(Items from a dataset)
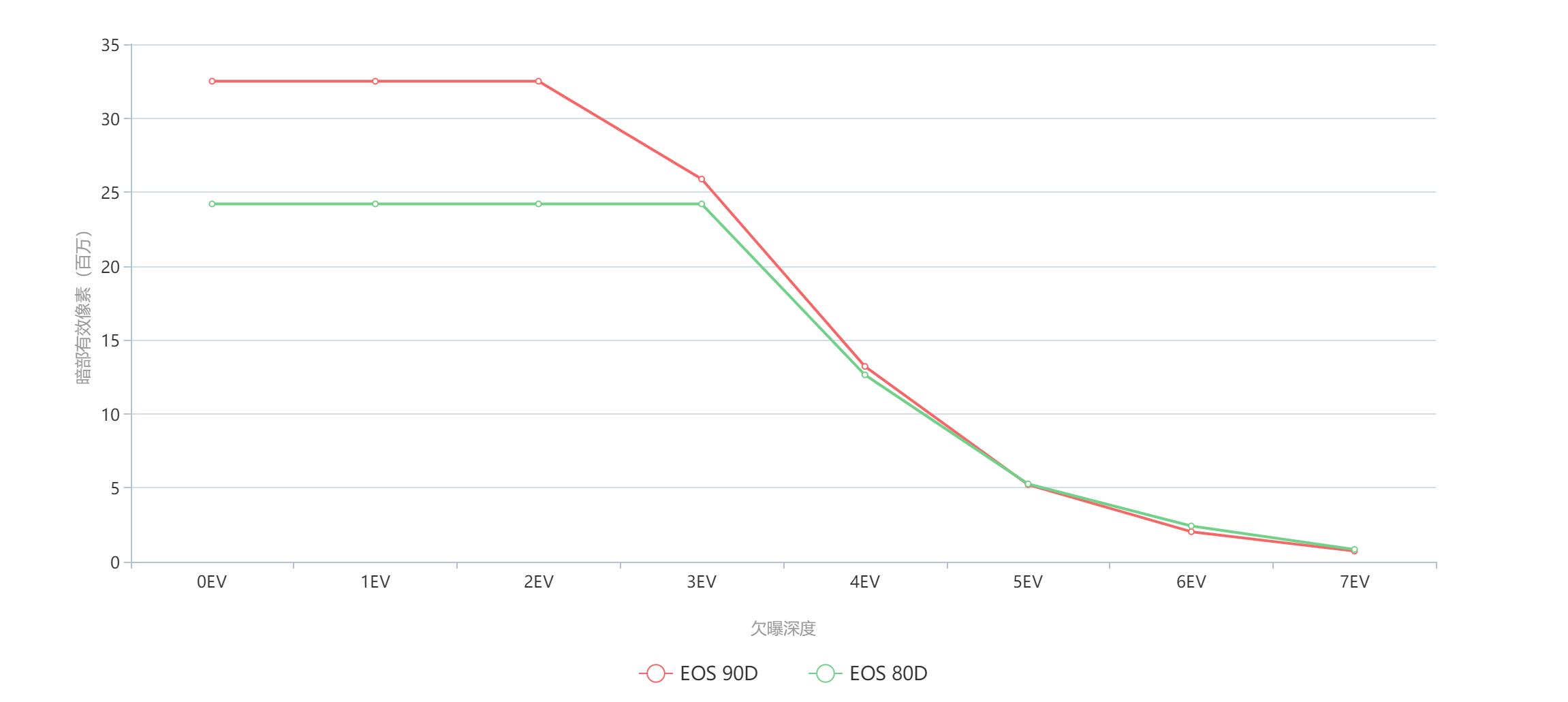 我们都知道单纯的动态范围只在画幅和量子效率相同的机身之间具有直接判定宽容度的价值,对于不同的传感器,实际曝光宽容度还需要进行测试。测试结果以“暗部有效像素”来表示,可以准确反映该相机能达到的实际宽容度。
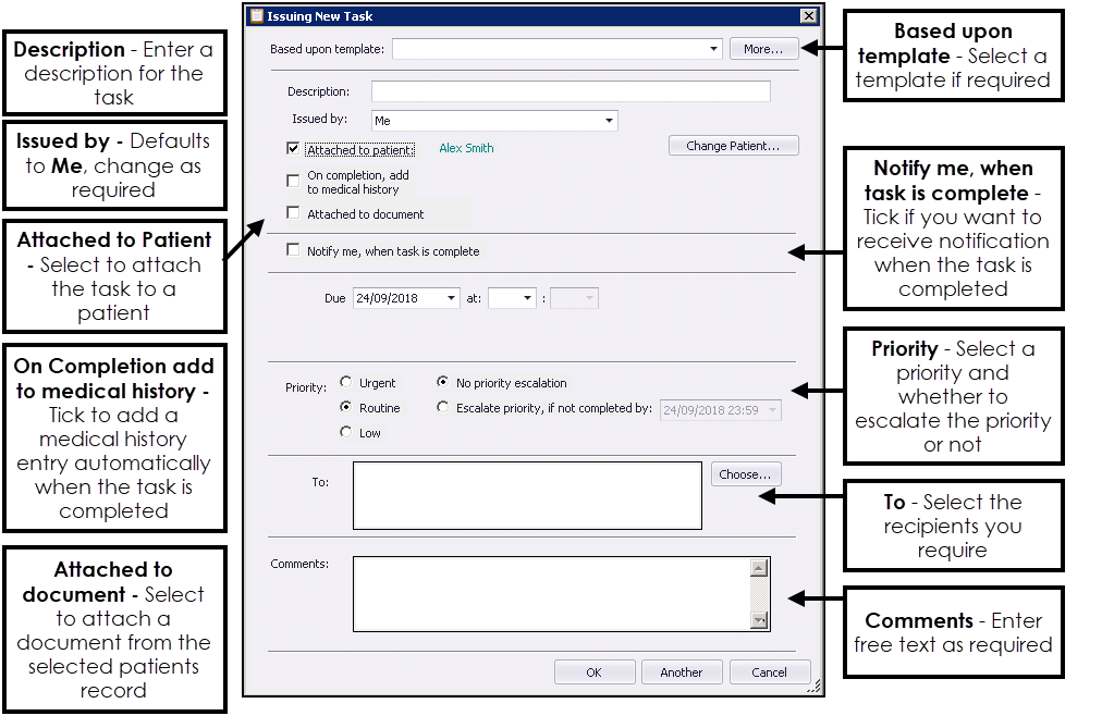 • Attached to patient - Tick to attach this task to a patient. To select the patient select Change Patient and select a patient in the usual way, see Selecting a Patient if required.
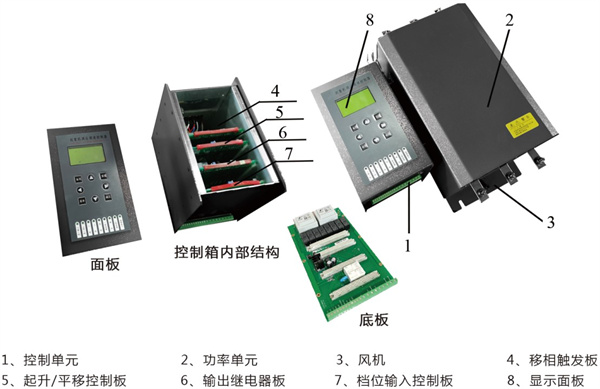 GVDJ控制器由控制單元和功率單元組成,兩者固定為一體。電氣連接方式通過矩形插座連線連接,控制單元由升降控制板(GV-002DI)/(平移控制板GV-003DI)、輸岀板(GV-004DI、GV-008DI)、檔位輸入控制板(GV-009DI)、移相觸發(fā)板GV-005DI)、顯示板(GV-015DI)及案板(GV-006DI)組成。功率單元由晶閘管、散熱器、壓敏電阻、阻容保護(hù)模塊、溫度繼電器及風(fēng)扇組成。整體結(jié)構(gòu)如下圖所示:
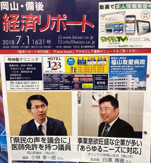 『経済リポート』の表紙を飾っているのは、同期の小林孝一郎県議です。凄いな。
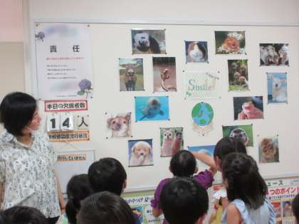 保健室は、先日、校長も紹介した動物たちの「笑顔」の写真コーナーが好評でした。
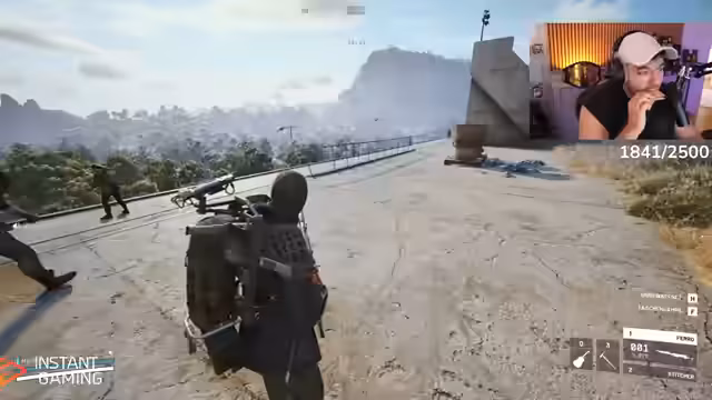 00:21:30Der Streamer betritt das Spiel wieder, nachdem er einen Snack zu sich genommen hat. Er kommuniziert proaktiv mit anderen Spielern und versucht, situationsangemessen zu handeln, mal freundlich ('Hello guys, I'm friendly') und mal aggressiv. Er erläutert seine Taktik, verschiedene Waffen einzusetzen, je nach Situation. Der Fokus liegt auf guter Teamarbeit, das Ernten von Ressourcen und dem Verständnis für die Spielmechaniken, um effizient zu looten und zu überleben.
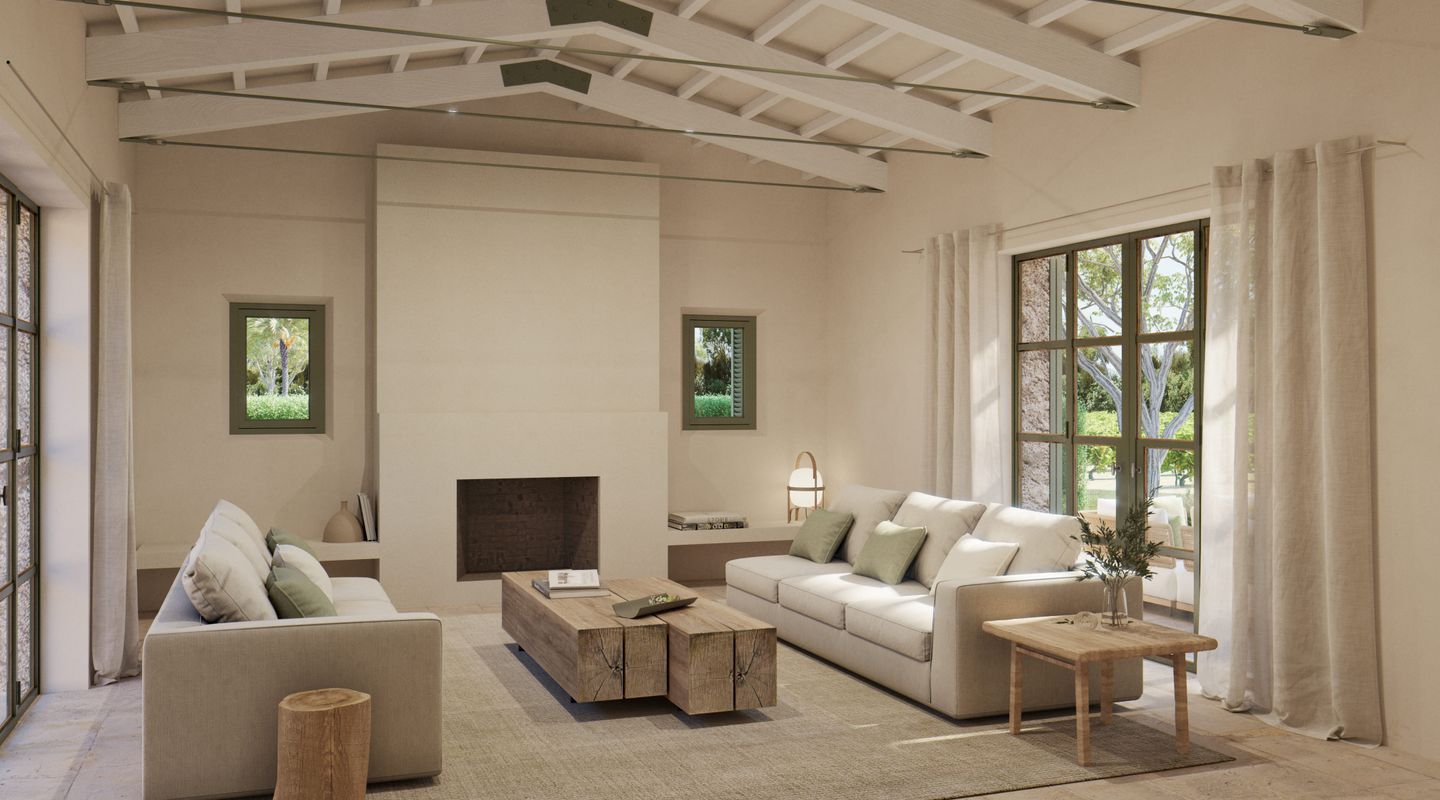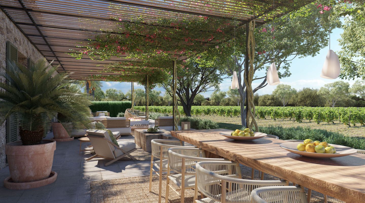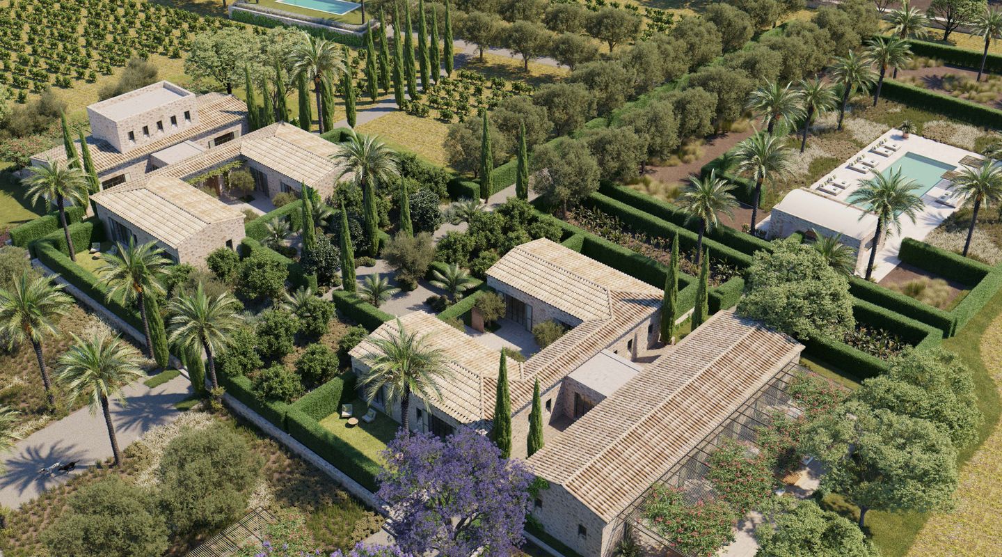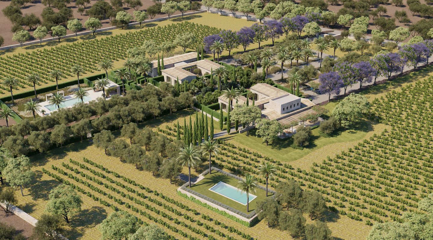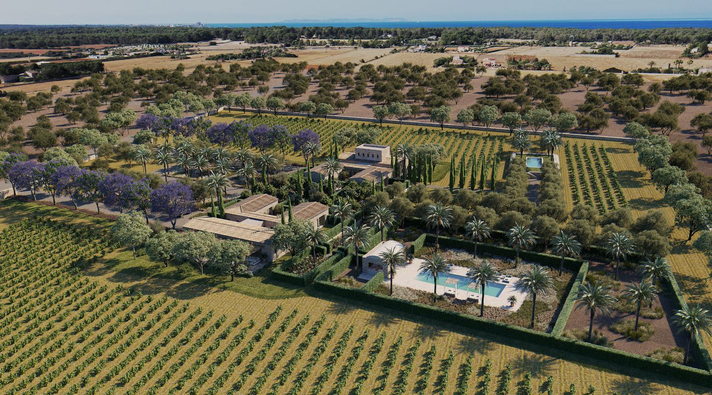 Situada en la parte sur de la isla de Mallorca, esta finca mallorquina rodeada de sus propios viñedos lleva la elegancia y la grandeza a nuevas cotas. La propiedad se encuentra a tan sólo 2 km de la increíble y paradisíaca playa de Es Trenc, detrás del parque natural protegido, y a sólo 35 minutos del aeropuerto. En el proyecto se ha defendido la utilización de materiales de construcción naturales y sostenibles, aquellos que además aportan calidez y humanidad: piedra, cal, madera, caña, etc. De dimensiones impresionantes, la casa de campo está segregada en dos edificios para uso como vivienda principal y zona de invitados, separados por un patio de elegancia atemporal con una fuente, con una parcela de 3,5 ha y un interior total de aprox. 1.100 m2. La propiedad dispone de siete dormitorios con baños en suite, dos cocinas (una de ellas profesional), bodega, cine, gimnasio y SPA. En la zona de ocio exterior, disfrutarás de una gran piscina con solárium y cocina exterior. El diseño arquitectónico rural combina detalles tradicionales como las contraventanas mediterráneas, la cubierta de teja árabe y los caminos de losas con sutiles y cálidos tonos pastel en las paredes. La abundancia de grandes ventanales, patios y terrazas adyacentes, algunos cubiertos y todos orientados en distintas direcciones, integra el exterior de la finca que cuenta con un impresionante proyecto de paisajismo, incluyendo una amplia zona de viñedos propios, palmeras, olivos y todo tipo de vegetación que hará de esta finca una auténtica joya mediterránea. La finca cuenta con 1,6 hectáreas de viñedos de tipo Merlot que, si es gusto del comprador, podrá participar en el proyecto desarrollado por las fincas contiguas para la producción de un vino conjunto, mezclando los diferentes tipos de uvas para dos usos: comercialización en pequeña escala o consumo propio. En línea a este proyecto la casa cuenta con una impresionante bodega de diseño que contará por un lado, con una cava con capacidad para 1.000 botellas con un espacio donde catar vinos y, por otro, con un gran comedor donde disfrutar de comidas y cenas. Si es su deseo estrenar esta impresionante y única propiedad no dude en ponerse en contacto con el equipo de ventas de First Mallorca.

◆ ACTIVITY: Without the pictures, repeat the entries above line by line, from the first through the one that contains "00:21:30Der Streamer betritt", both ends included.

◆ REPLY TO THE TASK:
 我们都知道单纯的动态范围只在画幅和量子效率相同的机身之间具有直接判定宽容度的价值,对于不同的传感器,实际曝光宽容度还需要进行测试。测试结果以“暗部有效像素”来表示,可以准确反映该相机能达到的实际宽容度。
 • Attached to patient - Tick to attach this task to a patient. To select the patient select Change Patient and select a patient in the usual way, see Selecting a Patient if required.
 GVDJ控制器由控制單元和功率單元組成,兩者固定為一體。電氣連接方式通過矩形插座連線連接,控制單元由升降控制板(GV-002DI)/(平移控制板GV-003DI)、輸岀板(GV-004DI、GV-008DI)、檔位輸入控制板(GV-009DI)、移相觸發(fā)板GV-005DI)、顯示板(GV-015DI)及案板(GV-006DI)組成。功率單元由晶閘管、散熱器、壓敏電阻、阻容保護(hù)模塊、溫度繼電器及風(fēng)扇組成。整體結(jié)構(gòu)如下圖所示:
 『経済リポート』の表紙を飾っているのは、同期の小林孝一郎県議です。凄いな。
 保健室は、先日、校長も紹介した動物たちの「笑顔」の写真コーナーが好評でした。
 00:21:30Der Streamer betritt das Spiel wieder, nachdem er einen Snack zu sich genommen hat. Er kommuniziert proaktiv mit anderen Spielern und versucht, situationsangemessen zu handeln, mal freundlich ('Hello guys, I'm friendly') und mal aggressiv. Er erläutert seine Taktik, verschiedene Waffen einzusetzen, je nach Situation. Der Fokus liegt auf guter Teamarbeit, das Ernten von Ressourcen und dem Verständnis für die Spielmechaniken, um effizient zu looten und zu überleben.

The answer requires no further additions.